Supplied records
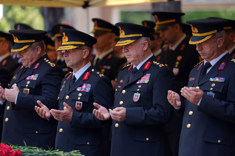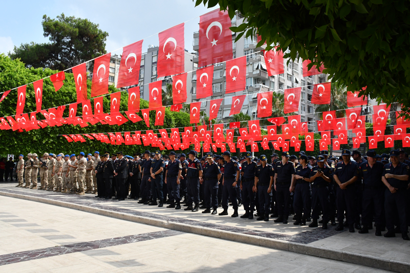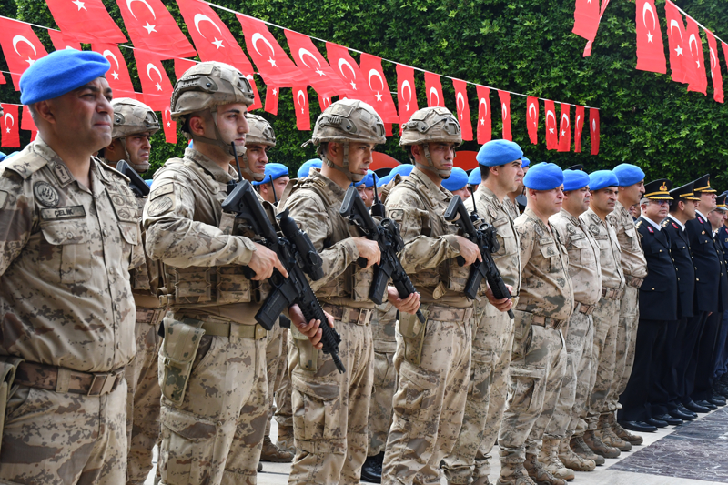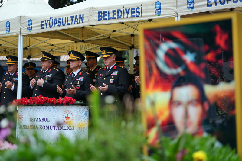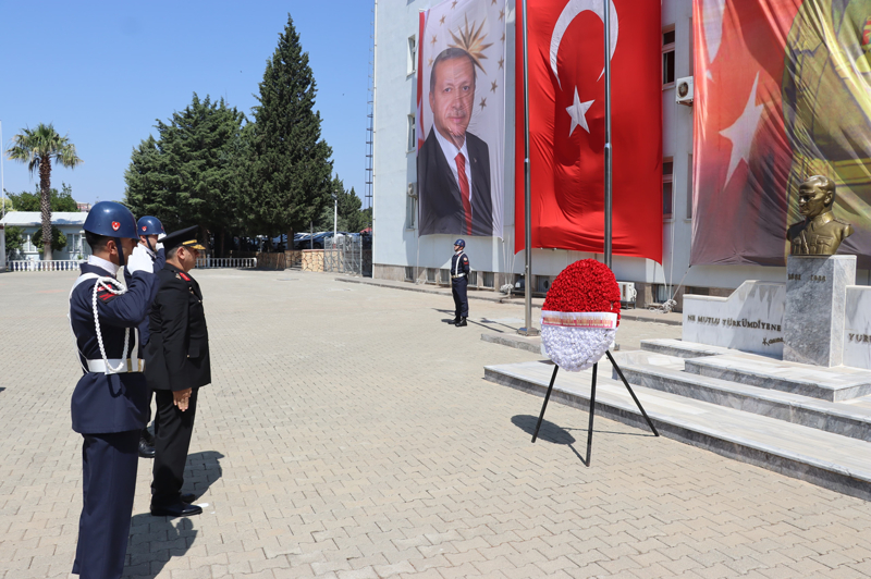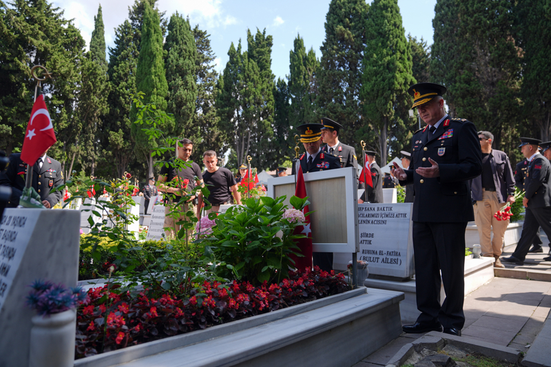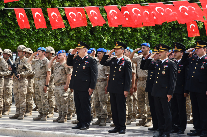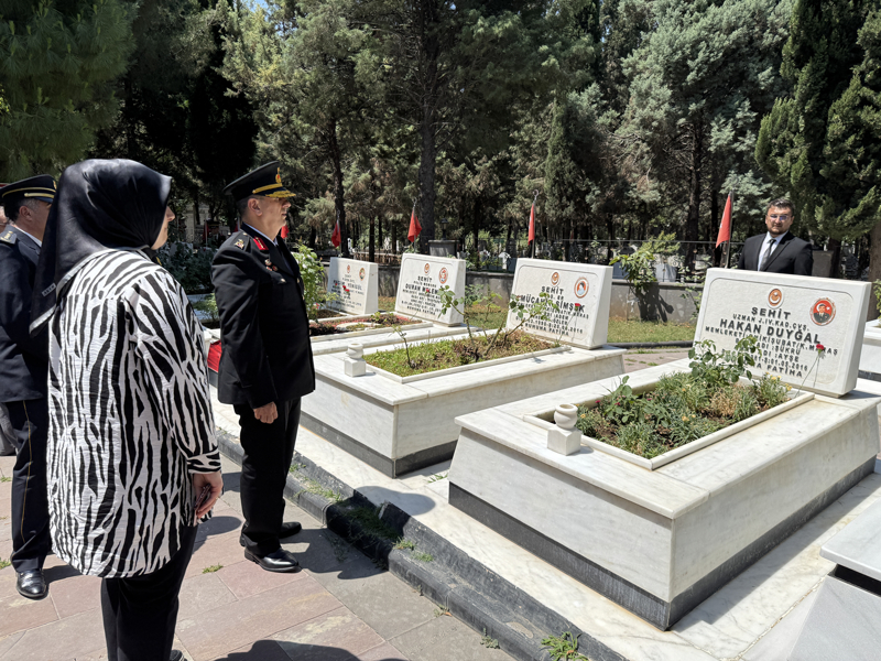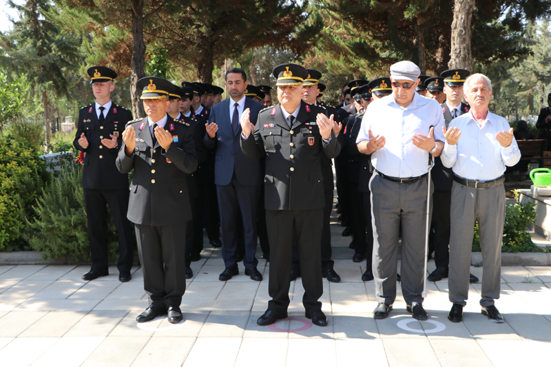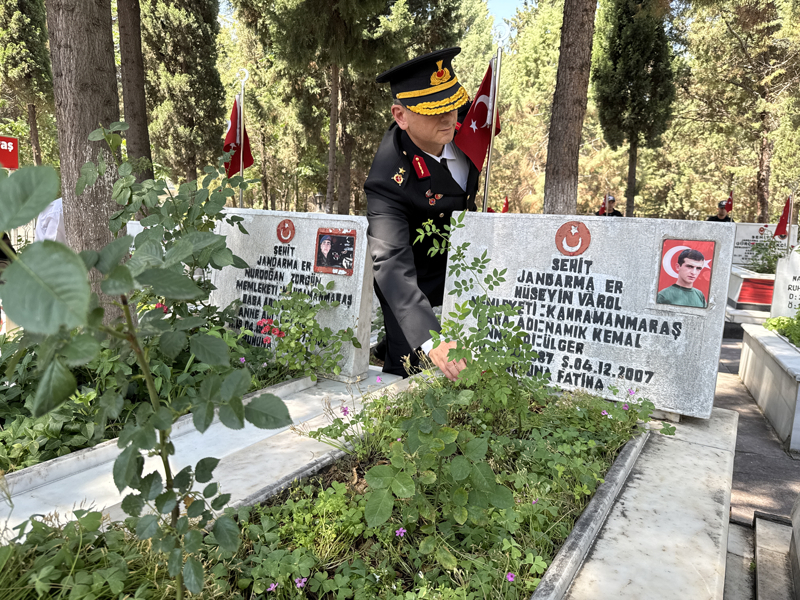 Kahramanmaraş Şehitliği'nde düzenlenen törende, İl Jandarma Komutanı Tuğgeneral Ali Gemalmaz tarafından şehit kabirlerine karanfil bırakıldı.
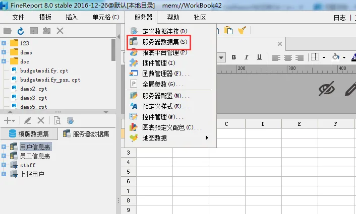 服务器数据集:服务器数据集是需要去帆软报表的开发工具上进行配置。如下图:
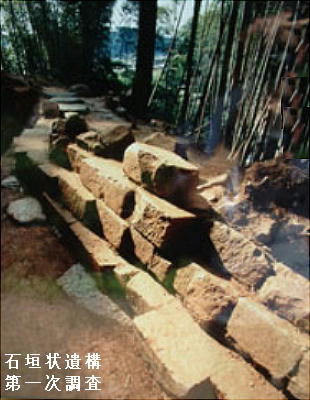 南東約200メートルの南斜面で、L字に積まれた石垣の基礎石を確認したと発表した。石垣はこれまで部分的
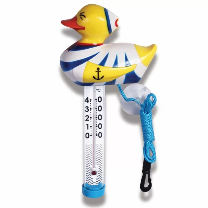Термометр Kokido TM08CB/18 Качка Моряк виконана з високоміцного литтєвого пластику та гуми. Оснащений кріпильним шнуром і присоскою, за допомогою яких ви можете прикріпити його до сходів або стін басейну. Має одну шкалу – Цельсія. Не містить фталатів.
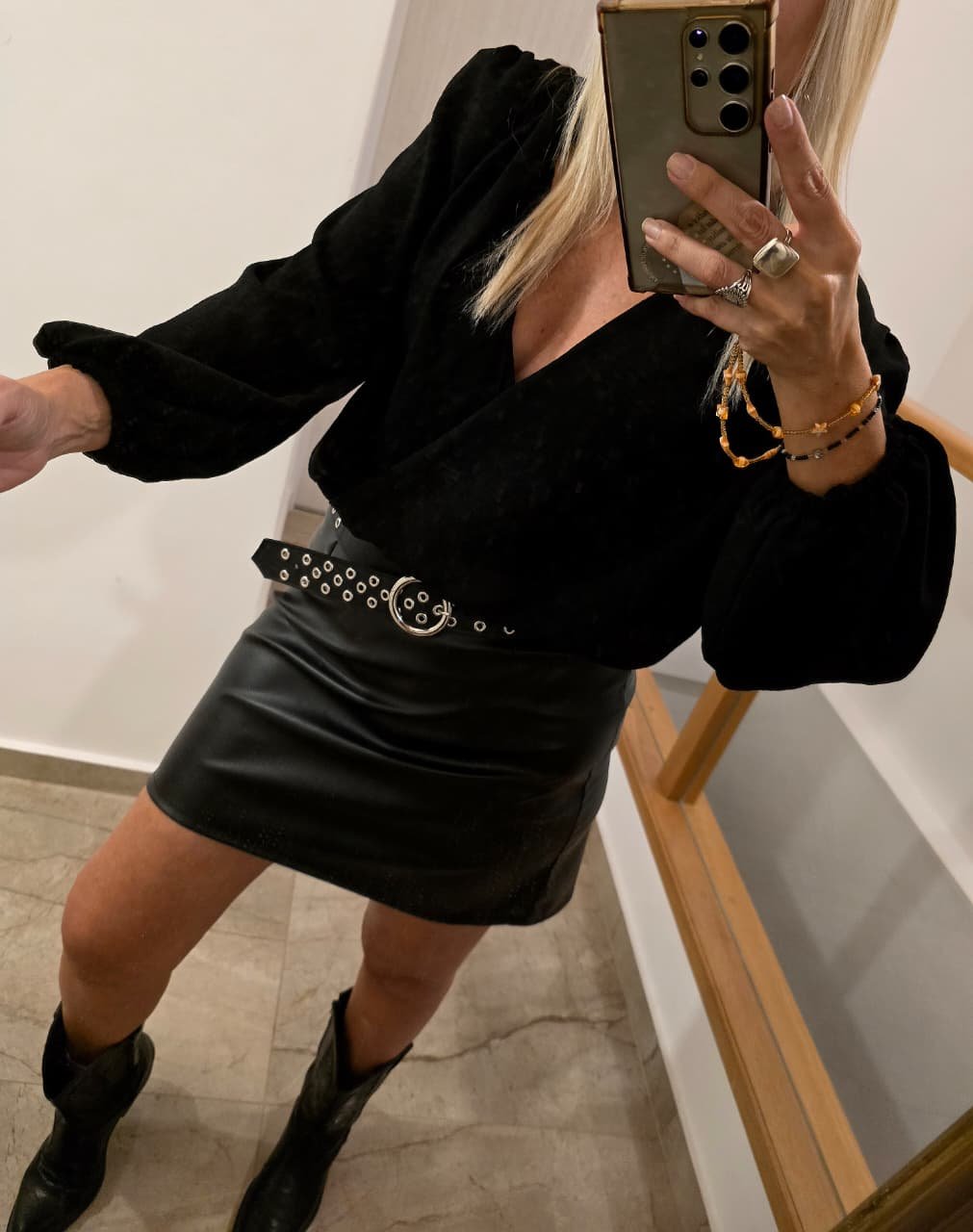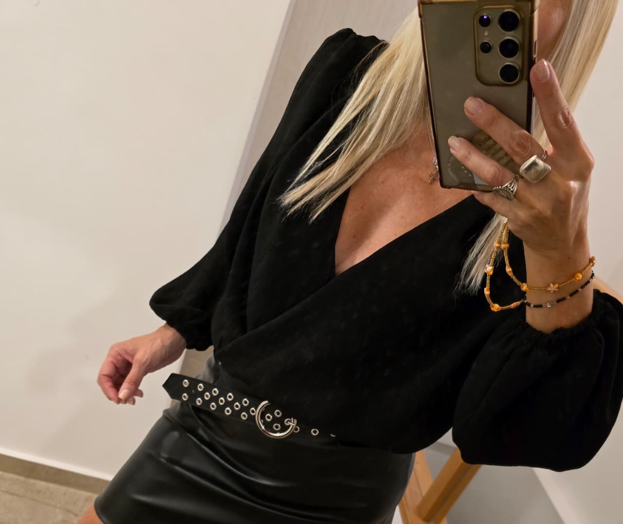 Tela Cey cero plancha , escote cruzado , elástico cintura
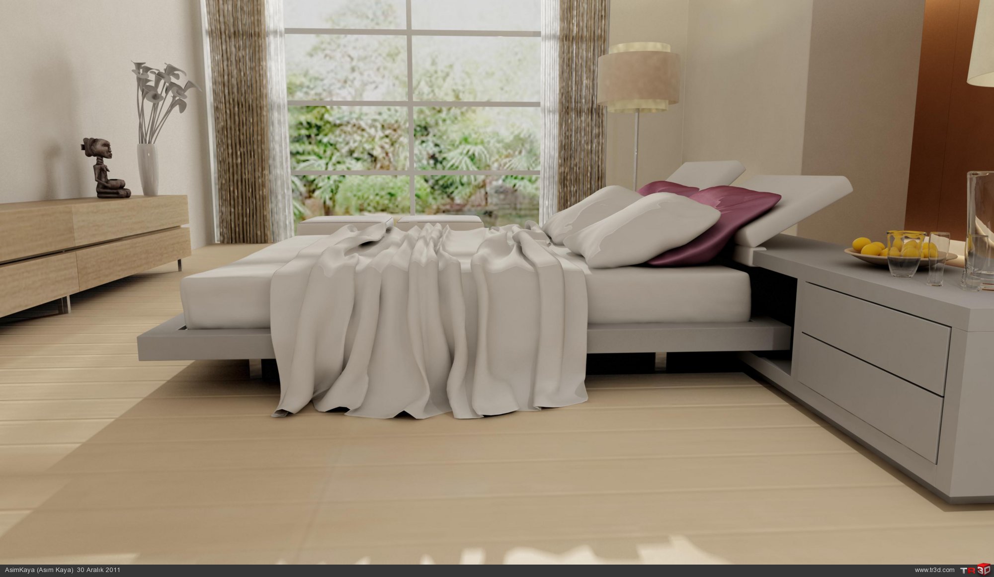 Bu renderi aldığım bilgisayarın özellikleri 4 gb ram 1 terabayt harddisk 64 bit i7 işlemcidir.Modellemeleri rhinoda yaptım yanlız çarşaf yastıklar ve afrika heykeli hazır modeldir.Çalışmam hobi amaçlıdır malum ticari calışmaları koymam uygun olmayabilir.Eleştirilerinize görüşlerinize her zaman açığım saygılar.
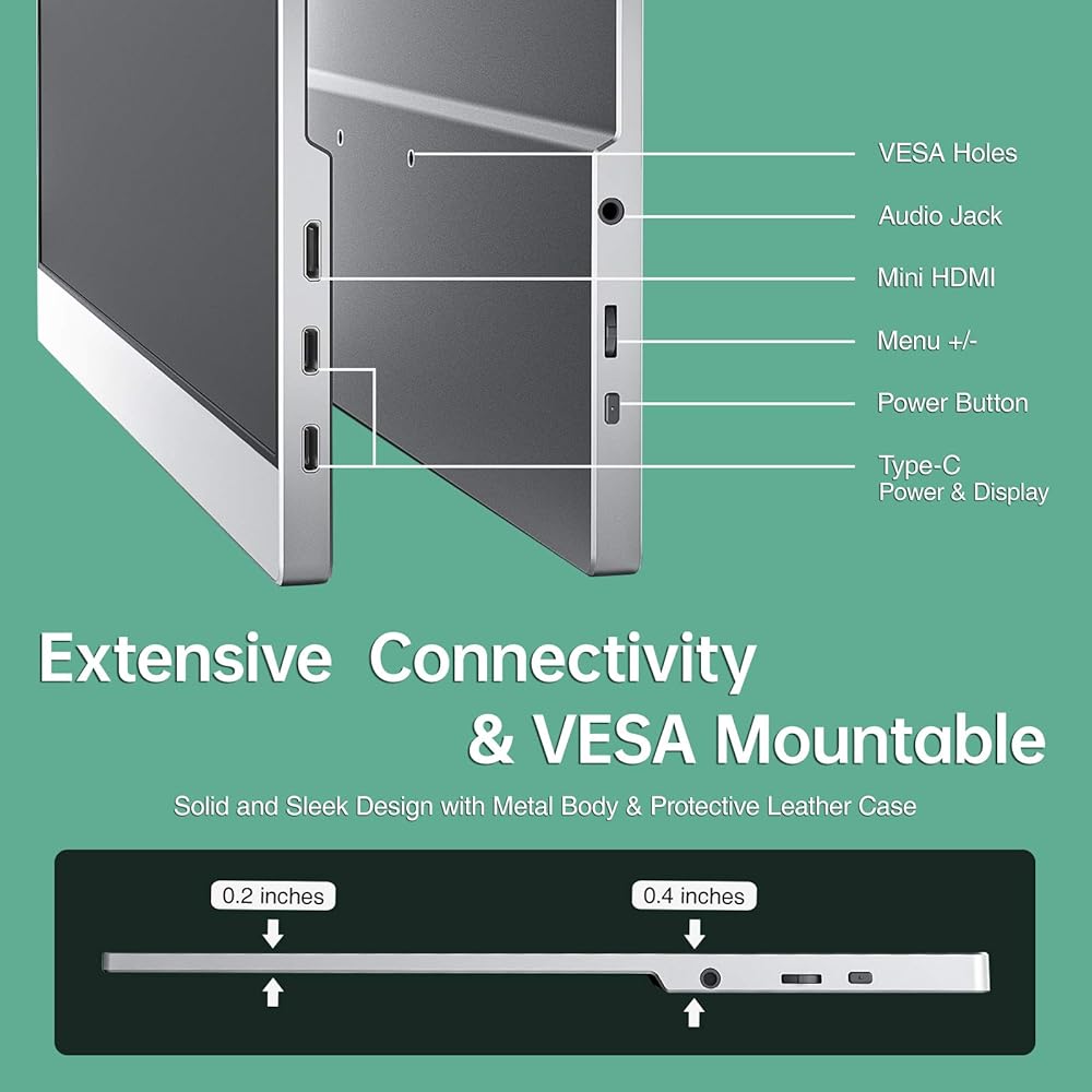 【Wide Connection and Smart Stand】With dual USB Type-C and mini HDMI ports, Cocopar monitor is compatible for laptops, PCs, PS4/PS5, XBOX, Nintendo Switch, Raspberry Pi. The magnetic leather cover provides full protection for the entire monitor and it also works as a stand for multiple viewing angles.

Work to complete
Exact repeat of the material above: every line from the one with "南東約200メートルの南斜面" through the one with "Tela Cey cero", endpoints included, and nothing more. No pictures.

Output
 南東約200メートルの南斜面で、L字に積まれた石垣の基礎石を確認したと発表した。石垣はこれまで部分的
Термометр Kokido TM08CB/18 Качка Моряк виконана з високоміцного литтєвого пластику та гуми. Оснащений кріпильним шнуром і присоскою, за допомогою яких ви можете прикріпити його до сходів або стін басейну. Має одну шкалу – Цельсія. Не містить фталатів.
 Tela Cey cero plancha , escote cruzado , elástico cintura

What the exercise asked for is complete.